April 5th, 2010

Reports the Evening Sun:

It seemed too good to be true.

In the snack food capital of America, where good, down-home Pennsylvania Dutch cooking begs to be eaten, we’re actually a lot healthier than we feared.

But that was the verdict in February, when a University of Wisconsin and Robert Wood Johnson Foundation study placed York County as the 25th healthiest among the state’s 67 counties.

But there’s that old saying: “If it seems too good to be true, then it probably is.”

Just a month after the good-health ranking came another study that showed the area may have earned its snack food capital status after all – but not in a good way.

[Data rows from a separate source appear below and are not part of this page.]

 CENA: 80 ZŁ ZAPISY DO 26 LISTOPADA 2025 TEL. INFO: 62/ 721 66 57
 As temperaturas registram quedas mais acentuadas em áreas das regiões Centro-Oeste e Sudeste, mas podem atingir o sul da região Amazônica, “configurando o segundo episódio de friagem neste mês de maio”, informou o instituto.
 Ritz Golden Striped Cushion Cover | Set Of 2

The York-Hanover metropolitan area – which follows York County’s borders – was ranked the fourth most-obese metro area in the U.S. by a Gallup study released last month.

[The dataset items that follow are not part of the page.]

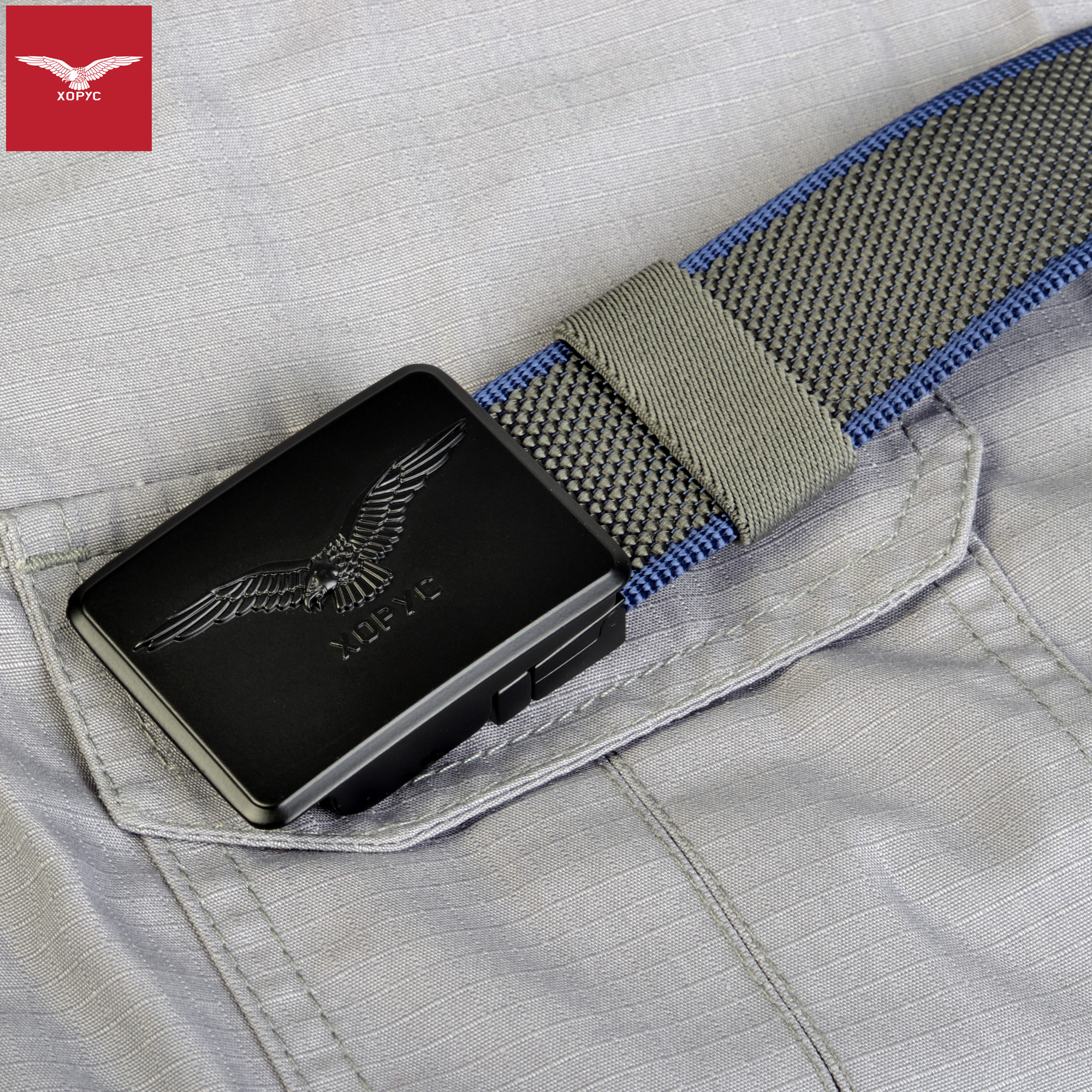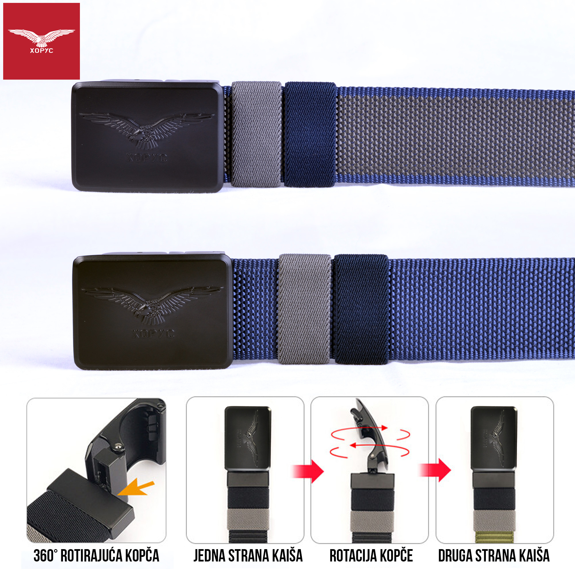 XOPYC - HORUS O-40 modni kaiš sa dva lica, idealan za sve prilike; Boja: teget - siva; Materijal rotirajuće HORUS kopče: metal; Materijal kaiša: 100% poliester; Kopča otporna na koroziju; Završna laserska obrada kaiša; Dužina kaiša: 125 cm (može se skratiti na odgovarajuću dužinu); Zemlja porekla: Kina.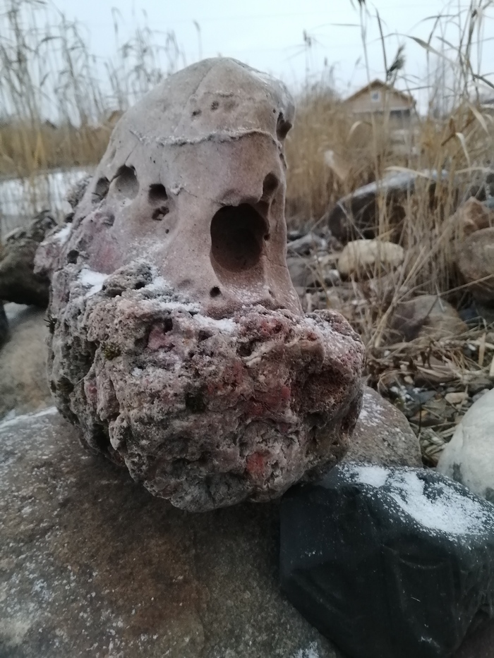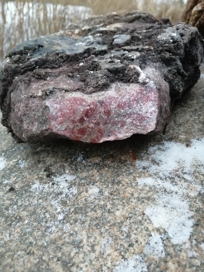 Это я по своему опыту определил как мрамор, хотя до месторождения этого красного мрамора от нас примерно 150 км на север. Ну может ледник притащил когда то миллион лет назад.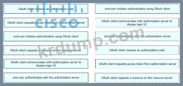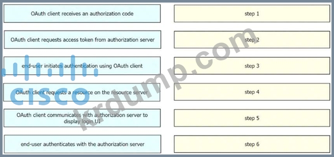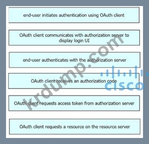 최종 사용자가 Authorization Code Grant1 흐름을 사용하여 OAuth2 보호 리소스에 액세스할 수 있도록 왼쪽 단계를 오른쪽 순서로 끌어다 놓습니다.

That study said the area’s obesity rate was 34 percent, higher than the national average of 26.5 percent; and that more than one-third of adults in the area are classified as obese.

So how did we end up labeled both a healthy county and a county pushing its way to the top of obesity charts?

Health officials say it’s the nature of studies, which use different methods to address the same issues.

And it’s particularly the nature of studies that rely on self-reported data, like both studies did. Both asked the people surveyed to evaluate their health habits and used those evaluations to get results.